Problem to solve
Below are entries with pictures among them; reproduce exactly, and only, the lines from the one containing "De Erasmusbrug gevangen" down to the one containing "How should you", without the pictures.

Exercise material

■ ■ ■ ■

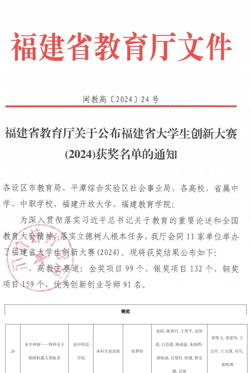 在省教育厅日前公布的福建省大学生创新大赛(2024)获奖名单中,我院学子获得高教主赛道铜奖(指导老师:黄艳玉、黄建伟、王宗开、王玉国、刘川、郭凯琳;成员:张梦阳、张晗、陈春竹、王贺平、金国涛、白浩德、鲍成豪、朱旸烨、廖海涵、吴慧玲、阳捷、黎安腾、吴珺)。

■ ■ ■ ■

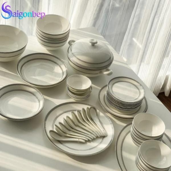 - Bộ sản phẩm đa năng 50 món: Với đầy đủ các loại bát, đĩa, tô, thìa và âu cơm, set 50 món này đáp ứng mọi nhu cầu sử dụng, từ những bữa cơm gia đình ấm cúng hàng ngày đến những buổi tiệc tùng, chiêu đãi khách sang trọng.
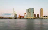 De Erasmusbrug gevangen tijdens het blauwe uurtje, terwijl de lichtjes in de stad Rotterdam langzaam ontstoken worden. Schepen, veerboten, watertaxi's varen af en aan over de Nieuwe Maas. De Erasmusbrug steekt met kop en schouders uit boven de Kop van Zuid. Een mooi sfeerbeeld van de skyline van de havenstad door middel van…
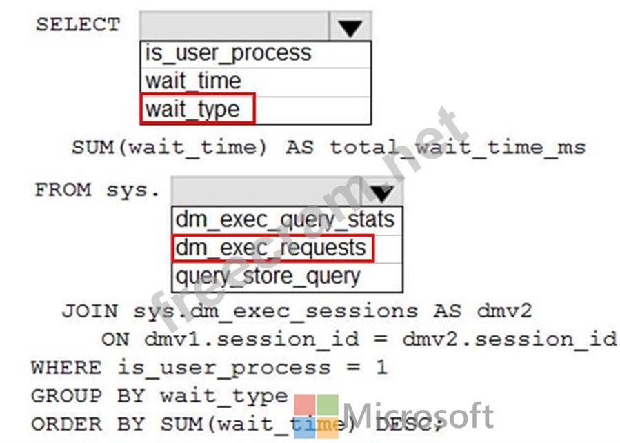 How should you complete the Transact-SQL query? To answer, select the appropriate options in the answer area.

■ ■ ■ ■

Task answer
 De Erasmusbrug gevangen tijdens het blauwe uurtje, terwijl de lichtjes in de stad Rotterdam langzaam ontstoken worden. Schepen, veerboten, watertaxi's varen af en aan over de Nieuwe Maas. De Erasmusbrug steekt met kop en schouders uit boven de Kop van Zuid. Een mooi sfeerbeeld van de skyline van de havenstad door middel van…
 How should you complete the Transact-SQL query? To answer, select the appropriate options in the answer area.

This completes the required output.